**PROBLEM**: With the pictures omitted, set down exactly the lines from the one that contains "Prediksi ANGKA KERAMAT" through the last line of the data.

**DATA EXCERPT**:
- Opening Delimiter -

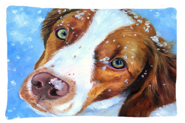 Caroline's Treasures 7348PILLOWCASE Snow Baby Brittany Spaniel Fabric Standard Pillowcase Lightweight Super Soft Easy Care Decorative Artwork Pillowcase, Standard
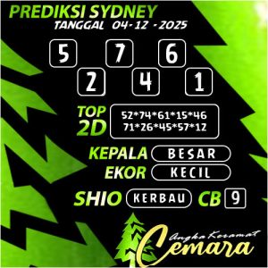 Prediksi ANGKA KERAMAT SYDNEY 04 DESEMBER 2025 berdasarkan dari Prediksi Cemara yang sudah diperhitungkan dengan sangat baik. Dengan perhatian yang penuh untuk mendapatkan Angka yang tepat untuk Jackpot Dipasaran Sydney
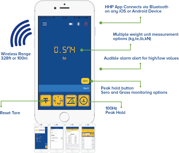 The Bluetooth signal effortlessly connects to any iOS or Android smartphone that has our free HHP app installed, providing the operator with a wireless range of up to 328ft or 100m. This allows them to stand in a safe position from the load, with no requirement to read a load on the load cell itself. The app will also allow the operator to log data versus time, or on events such as over or underload. An adjustable alarm will alert the operator on their smartphone if any overload is occurring.

- Closing Delimiter -

**WRITTEN RESPONSE**:
 Prediksi ANGKA KERAMAT SYDNEY 04 DESEMBER 2025 berdasarkan dari Prediksi Cemara yang sudah diperhitungkan dengan sangat baik. Dengan perhatian yang penuh untuk mendapatkan Angka yang tepat untuk Jackpot Dipasaran Sydney
 The Bluetooth signal effortlessly connects to any iOS or Android smartphone that has our free HHP app installed, providing the operator with a wireless range of up to 328ft or 100m. This allows them to stand in a safe position from the load, with no requirement to read a load on the load cell itself. The app will also allow the operator to log data versus time, or on events such as over or underload. An adjustable alarm will alert the operator on their smartphone if any overload is occurring.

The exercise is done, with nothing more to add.